- Film poster
- Directed by: Patrick Dickinson
- Written by: Patrick Dickinson
- Produced by: Jamie Harvey; Satch Watanabe; Gabrielle Tana; Kosuke Oshida; Carolyn Marks Blackwood; Hélène Théodoly.;
- Starring: Ciarán Hinds; Aoife Hinds; Lily Franky; Ryo Nishikido; Tae Kimura; Rin Takanashi;
- Cinematography: Mark Wolf
- Production companies: Brouhaha Entertainment MBK Productions Magnolia Mae Films Written Rock Films
- Distributed by: WestEnd Films
- Release date: 26 October 2023 (Rome);
- Countries: United Kingdom Japan
- Language: English

= Cottontail (film) =

Film by Patrick Dickinson

Cottontail (コットンテール) is a 2023 drama film written and directed by Patrick Dickinson.

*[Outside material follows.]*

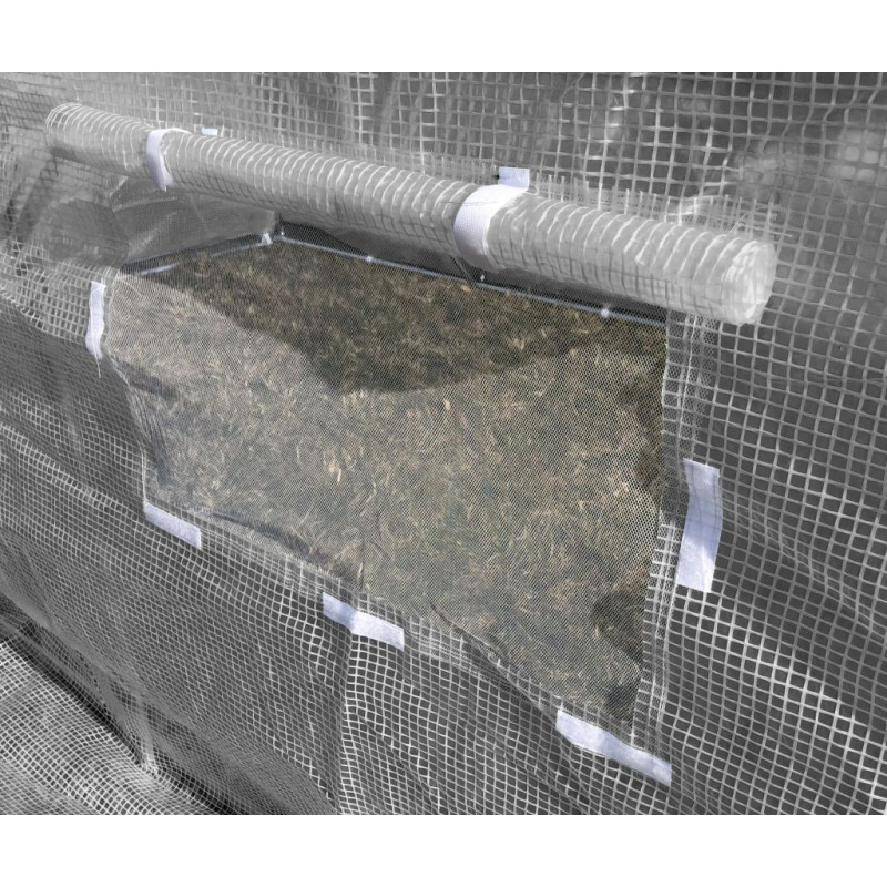 Dane użytkowe: 1 drzwi zwijane zamykane na gruby, solidny zamek błyskawiczny 8 okien 50x37 cm umożliwiających wietrzenie i termoregulację, zabezpieczonych moskitierą oraz opuszczaną zasłoną Szeroki (20cm) kołnierz / fartuch ziemny, po przysypaniu ziemią zapobiega podwianiu pokrycia.

It premiered at the Rome Film Festival on 26 October 2023, winning the BNL BNP Paribas Best First Film award.

==Premise==
A widower and his son travel from Japan to England's Lake District to scatter his wife's ashes there, as she grew up loving the stories of Beatrix Potter.

==Cast==
- Lily Franky as Kenzaburo
- Kosei Kudo as young Kenzaburo
- Ryo Nishikido as Toshi
- Tae Kimura as Akiko
- Yuri Tsunematsu as young Akiko
- Rin Takanashi as Satsuki
- Ciarán Hinds as John
- Aoife Hinds as Mary

==Production==
It was announced in November 2019 that Ken Watanabe, Ralph Fiennes, Jessie Buckley and Dai Watanabe had been cast in the film. Filming was set take place between Japan and England, beginning autumn 2020.

In April 2021, the previously announced cast, minus Buckley, had exited the film, with Lily Franky, Ciarán Hinds, Ryo Nishikido, Tae Kimura and Rin Takanashi now set to star. Filming took place in June 2021.

Late 2022, it was announced that Ciarán Hinds's daughter Aoife Hinds had replaced Buckley.

It was produced by Gabrielle Tana, Kosuke Oshida, Carolyn Marks Blackwood, and Hélène Théodoly.